The worker’s internal conflict felt by the tug of family life may present challenges in this precarious balance. Once work time spills over into family time, this balance tips the stress scales even further. It may translate into a need for continuous ‘checking in’ with oneself through self-examination and with one’s romantic partner via candid discussions to reestablish balance in the relationship and homeostasis in the relationship system.
There are aspects of marriage and family life that may be affected by this precarious balancing act [67-70]. On the level of romantic relationships, partners may feel slighted and hurt when work appears to take priority over or impede the couple’s relationship. Further, a romantic partner’s work stress often spills into the relationship, which may result in the worker being easily annoyed or angered, or perhaps emotionally withdraw completely in order to decompress from the day’s stressors and entanglements. Much as the spouse may try to be understanding, hurt feelings are oftentimes impossible to avoid. The exhausted individual may return home hoping for quiet and solitude; however, the romantic partner may desire quality time and togetherness. This balancing act may get even more complicated when both partners work outside the home and attempt to juggle their given stressors with the desire to bond with their partner.
The challenges that occur within couples due to the interference of work on marital and family life has been called work-to-family conflict and has been found to have a negative association with marital satisfaction in couples [70]. In addition, this negative association is further amplified when there is also family-to-work conflict, meaning that family demands also encroach on work time [70]. Further complication of this scenario occurs when the couple has children. The child naturally desires and needs time with parents while parents may be too exhausted and stressed to provide quality parenting time.
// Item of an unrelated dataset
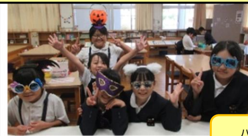
ハッピーハロウィン！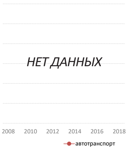
Тонн-км по режиму (млн.) и модальной доле (в %)

In addition to relationship challenges, financial stress may place a heavy burden on romantic partners. Financial stress has been linked to individual health problems [71] and has also been examined in the family system. This scenario has been termed the Family Stress Model and recognizes the toll of financial stress on the family, which in turn has been linked to increased conflict in the couple, parental distress, harsh parenting, and behavior problems in children [72]. In addition, the Sociocultural Family Stress Model (SFS) goes further to include cultural and ethnic considerations of additional stress on families, with this model especially intended for particular stress that low socio-economic African American families endure [73]. It has been especially studied in lower-income families and reflects the underlying – and seemingly obvious – strain involved in the scenario of living paycheck-to-paycheck. This stress may include food insecurity and the concern not only regarding the ability to pay monthly bills and expenses, but the very ability to provide basic necessities for the family unit such as food and housing. This extreme end of the financial spectrum exists in far greater numbers than is often recognized. In fact, according to the U.S. government’s 2017 Census report, 12.3% of Americans existed at or below the poverty line [74]. However, even when financial insecurity is not this extreme, the burden of family financial woes – including massive credit card debt and living beyond one’s means – can have a serious impact on the degree of stress in the family.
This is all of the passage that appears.